Di Tromba: A Complete English Translation, Biography, and Critical Commentary (Part 1 of 3)

Birth, Training, and Positions

According to the most recent research performed by Igino Conforzi, Girolamo Fantini was born in Spoleto in 1600, immediately precending February, 11, the date of his baptism. Various documents between 1544 and 1606 show the presence in Spoleto of a strong trumpet tradition within which Fantini could have received his training.

On 20 February 1626 he was taken into the service of Cardinal Scipione Borghese in Rome, apparently as the only trumpeter in the noble household. He is recorded there through October 1630.

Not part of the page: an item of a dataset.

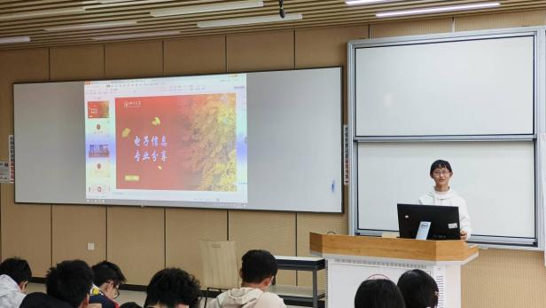 图为太阳集团tyc9728付昀鑫同学进行专业分享
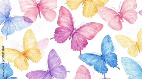© nikomsolftwaer, Obraz premium Colorful butterflies flying nature scene watercolor art vibrant environment close-up view beauty of nature

With the title of Chief Court Trumpeter (trombetta maggiore), Fantini then entered the service of the Grand Duke of Tuscany, Ferdinando II de’ Medici (who reigned between 1621 and 1670). This occurred at the latest in April 1631, but probably at the end of the previous year, since he later stated in the dedication to his trumpet method, printed in 1638, that he had served at that court for eight years. On 11 April 1631 Fantini was given a new trumpet made of silver and lavishly decorated with angel heads and jewels, two damask banners for the trumpet displaying the Medici coats of arms, and a salary of 10 scudi per month. This is an unusually generous sum for a trumpeter and gives a first hint that Fantini must have been particularly gifted. (All the other instrumentalists were paid less; only the singers and the chapel-master earned more.)

His Performance in Rome together with Frescobaldi

Some time in the middle of 1634, Fantini gave a public concert in the chambers of his former employer, Cardinal Borghese, accompanied on the latter’s house organ by none other than the illustrious organist of St. Peter’s, Girolamo Frescobaldi (1683-1643) A fact that has escaped trumpet historians until now is that Frescobaldi had even been in the service of the Grand Duke of Tuscany between November 1628 and April 1634, thus overlapping with Fantini there for nearly three years.

This is the first documented case in history of a performance on trumpet and organ. Documentation is provided by a letter written from Rome by Pierre Bourdelot, a physician and writer on music, to the Parisian theorist, Marin Mersenne, who at that time was preparing Harmonicorum libri, the original version in Latin of his famous later treatise, Hormoni universelle. In his letter, Bourdelot refers to Fantini as “the greatest trumpeter in all Italy”. He also stated that Fantini demonstrated in the concert that he was capable of producing pitches between those of the harmonic series, although French trumpeters present on the occasion had denigrated them as “false, confused, and entirely disordered”.

(However that may be, our experiene shows that such pitches produced by artifice have a different timbre from the natural harmonics. Perhaps the Frenchmen were overly critical, or even jealous.) What did Fantini and Frescobaldi perform? We imagine that Fantini played several of his own sonatas for trumpet and organ that were printed four years later in his trumpet method, some of which contain such pitches. As far as Frescobaldi is concerned, this is the period in which his famous collection of organ music for the Mass, Fiori musicali, was being prepared for the publisher. It appeared in print the next year in Venice. No compositions of his for trumpet and organ have survived, if in fact they ever existed.

Fantini’s Trumpet Method

Fantini’s reputation rests mainly on the present trumpet method, after Bendinelli’s method of 1614 the second one in history, which he dedicated to his employer in 1638. That he received a special gratification of 3 scudi in the following fiscal year might have to do with this dedication, although final proof does not exist.